Dewasa ini kita sering mendengar kata “Kepemimpinan” atau bahkan ada sebuah pertanyaan, “Apakah seperti itu sikap seorang pemimpin?”

Perlu diperhatikan bahwa pemimpin dan kepemimpinan itu berbeda. Pemimpin adalah orang yang memimpin, sedangkan kepemimpinan adalah cara seseorang dalam memimpin. Sejatinya kita semua adalah seorang pemimpin, namun tidak semua manusia mampu menunjukkan adanya sifat kepemimpinan dalam dirinya. Mengapa demikian? Karena banyak orang merasa tidak percaya diri dalam menunjukkan sifat kepemimpinannya. Mereka pun tidak mengetahui seperti apa sosok pemimpin yang baik. Indonesia merupakan salah satu negara yang dapat dijadikan contoh bahwa pemimpinnya kurang baik dalam memimpin negara. Banyak protes terjadi di kalangan mahasiswa saat ini terkait dengan rezim pemerintahan Indonesia.
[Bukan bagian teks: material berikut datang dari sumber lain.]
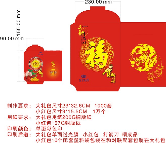 眾印網(wǎng)在春節(jié)特推出新年禮包印刷業(yè)務(wù),新年禮包主要包括:大禮包(尺寸23*32.6cm、材料為200g銅版紙)、小紅包(尺寸9*15.5cm、材料為157g銅版紙)、對(duì)聯(lián)(尺寸100*20cm、材料為157g銅版紙)、橫批(尺寸50*20cm、材料為157g銅版紙),單面彩色印刷,大禮包單面過(guò)光膜,小紅包10個(gè)、對(duì)聯(lián)一套包裝在大禮包里面。如需以上新年禮包印刷尺寸不適合您,請(qǐng)與客戶人員聯(lián)系。 紅包袋是包著金錢作為紅包送人的包裝封套,粵語(yǔ)稱利市封。相傳送紅包的習(xí)俗,在很久以前就流行。紅包袋印刷精美,除了傳統(tǒng)的紅色外,還有金色的封套,除了平面印刷和燙金印刷的吉祥圖案、生肖圖案外,還有立體雷射印刷和卡通人物圖案的。圖案多以簡(jiǎn)單爲(wèi)主,再配以吉利的字句。
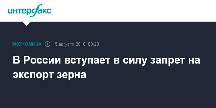Москва. 15 августа. ИНТЕРФАКС - В России с 15 августа вступает в силу запрет на экспорт зерна. В послереформенной стране эта мера применяется впервые.

Lantas bagaimanakah perspektif Islam mengenai kepemimpinan dan seperti apakah seorang pemimpin yang baik itu?

Allah berfirman dalam QS. Al-Baqarah ayat 30:
وَإِذْ قَالَ رَبُّكَ لِلْمَلَائِكَةِ إِنِّي جَاعِلٌ فِي الْأَرْضِ خَلِيفَةً ۖ قَالُوا أَتَجْعَلُ فِيهَا مَنْ يُفْسِدُ فِيهَا وَيَسْفِكُ الدِّمَاءَ وَنَحْنُ نُسَبِّحُ بِحَمْدِكَ وَنُقَدِّسُ لَكَ ۖ قَالَ إِنِّي أَعْلَمُ مَا لَا تَعْلَمُونَ

Artinya : “Ingatlah ketika Tuhanmu berfirman kepada para Malaikat, “Sesungguhnya Aku hendak menjadikan seorang khalifah di muka bumi.” Mereka berkata : “Mengapa Engkau hendak menjadikan (khalifah) di bumi itu orang yang akan membuat kerusakan padanya dan menumpahkan darah, padahal kami senantiasa bertasbih dengan memuji Engkau dan mensucikan Engkau?” Tuhan berfirman : “Sesungguhnya Aku mengetahui apa yang tidak kamu ketahui.”

Telah kita ketahui bahwasanya Allah menciptakan manusia di bumi sebagai khalifah (pemimpin). Sudah seharusnya kita menyadari bahwa amanah yang Allah berikan ini patut kita laksanakan. Tak perlu kita menjadi pemimpin dalam sebuah pemerintahan atau organisasi di lingkungan kampus, setidaknya kita mampu memimpin diri sendiri.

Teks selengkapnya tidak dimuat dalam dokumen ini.